U.S. President Barack Obama vowed to empower women, advance economic opportunity and eradicate extreme poverty around the world within two decades in his State of the Union address on Tuesday.
In a Feb. 12 speech focused on improving the lot of the U.S. middle class, Obama also vowed to help stabilize countries such as Yemen, Libya, Somalia and Mali, and help to spread democracy from the Middle East to South-East Asia.
Obama’s call for the eradication of extreme poverty comes at a time when global leaders are debating followup targets to the Millennium Development Goals, which expire in 2015 and called for the halving of extreme poverty by then. U.K. Prime Minister David Cameron and others have been pushing for a global commitment to “get to zero” poverty, and this was Obama’s most public acknowledgement yet of his intention to support the effort.

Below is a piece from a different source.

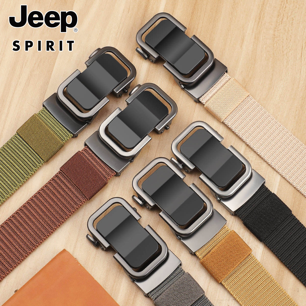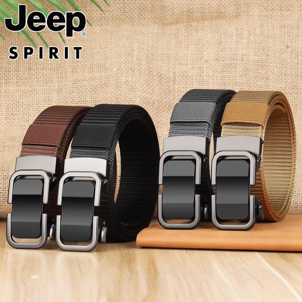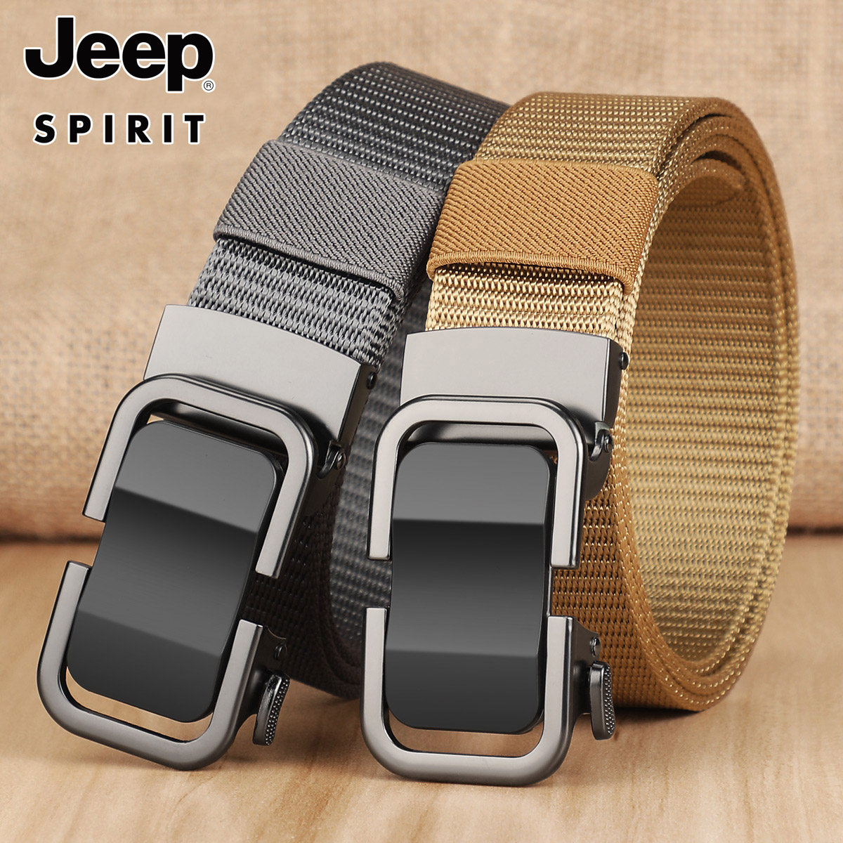 Jeep 牛 spirit青年无牙自动扣皮带尼龙帆布腰带户外休闲商务西裤

By highlighting the U.S. government’s work on behalf of women and by reaffirming U.S. leadership in achieving an AIDS-free generation, a bold pledge first announced two years ago around World AIDS Day, Obama took up two causes prioritized by Hillary Clinton, his first secretary of state who left office earlier this month. Her successor, the former Massachusetts Sen. John Kerry, has commented little on HIV yet, although the bulk of the U.S. global health program, through PEPFAR, is housed within the State Department he now leads.
Here’s the part of the president’s annual prime-time speech that concerns global development:
“We also know that progress in the most impoverished parts of our world enriches us all. In many places, people live on little more than a dollar a day. So the United States will join with our allies to eradicate such extreme poverty in the next two decades: by connecting more people to the global economy and empowering women; by giving our young and brightest minds new opportunities to serve and helping communities to feed, power, and educate themselves; by saving the world’s children from preventable deaths; and by realizing the promise of an AIDS-free generation.
“Above all, America must remain a beacon to all who seek freedom during this period of historic change. I saw the power of hope last year in Rangoon – when Aung San Suu Kyi welcomed an American President into the home where she had been imprisoned for years; when thousands of Burmese lined the streets, waving American flags, including a man who said, ‘There is justice and law in the United States. I want our country to be like that.’
“In defense of freedom, we will remain the anchor of strong alliances from the Americas to Africa; from Europe to Asia. In the Middle East, we will stand with citizens as they demand their universal rights, and support stable transitions to democracy. The process will be messy, and we cannot presume to dictate the course of change in countries like Egypt; but we can – and will – insist on respect for the fundamental rights of all people. We will keep the pressure on a Syrian regime that has murdered its own people, and support opposition leaders that respect the rights of every Syrian. And we will stand steadfast with Israel in pursuit of security and a lasting peace. These are the messages I will deliver when I travel to the Middle East next month.”